= Beginning of Section =
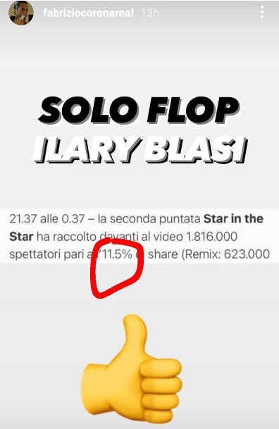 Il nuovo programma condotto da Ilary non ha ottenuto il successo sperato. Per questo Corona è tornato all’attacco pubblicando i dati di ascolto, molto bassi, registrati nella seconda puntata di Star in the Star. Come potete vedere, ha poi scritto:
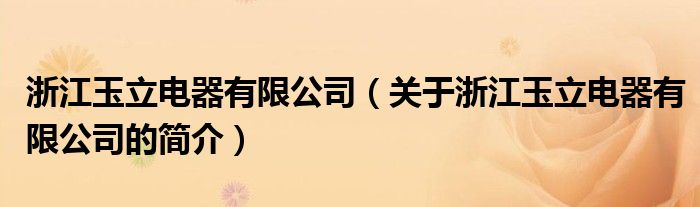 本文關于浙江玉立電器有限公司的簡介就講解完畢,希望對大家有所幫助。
= End of Section =
= Beginning of Section =
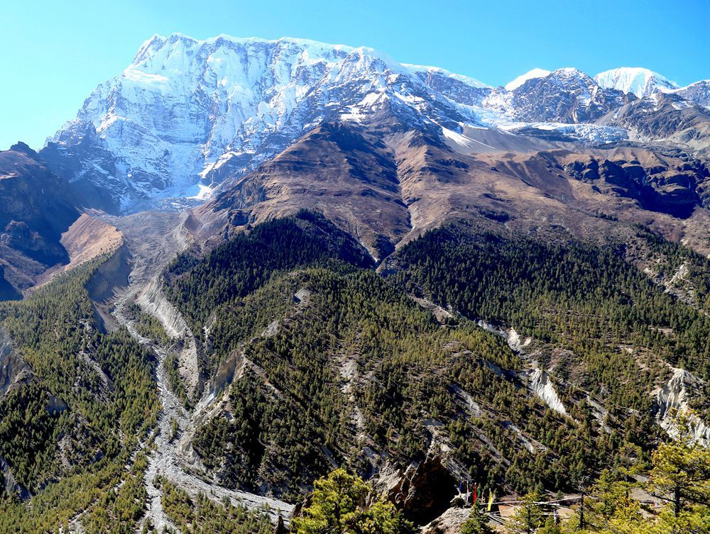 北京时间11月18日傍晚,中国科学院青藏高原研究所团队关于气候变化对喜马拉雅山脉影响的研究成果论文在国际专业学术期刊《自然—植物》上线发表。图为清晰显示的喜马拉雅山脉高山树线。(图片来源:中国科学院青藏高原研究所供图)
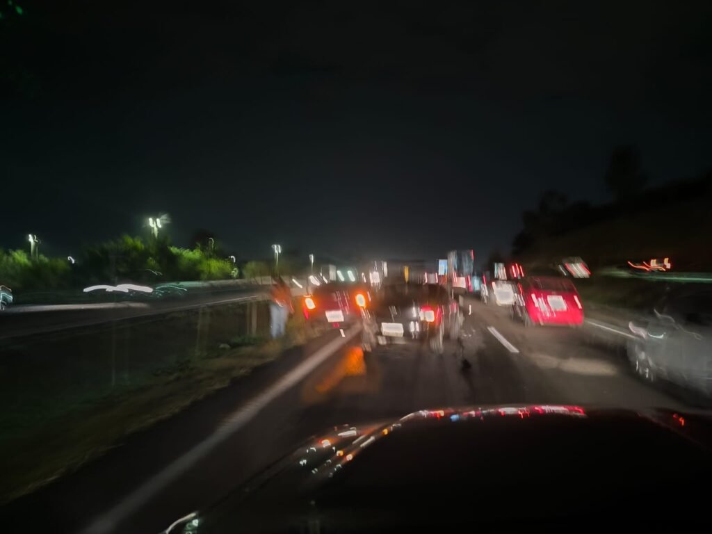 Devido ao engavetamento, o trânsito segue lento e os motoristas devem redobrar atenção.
= End of Section =
What needs to be done> Using the data above, copy exactly the lines from the one containing "Il nuovo programma" to the one containing "本文關于浙江玉立電器有限公司的簡介就講解完畢,希望對大家有所幫助。", inclusive. Exclude the pictures.

Response area>
 Il nuovo programma condotto da Ilary non ha ottenuto il successo sperato. Per questo Corona è tornato all’attacco pubblicando i dati di ascolto, molto bassi, registrati nella seconda puntata di Star in the Star. Come potete vedere, ha poi scritto:
 本文關于浙江玉立電器有限公司的簡介就講解完畢,希望對大家有所幫助。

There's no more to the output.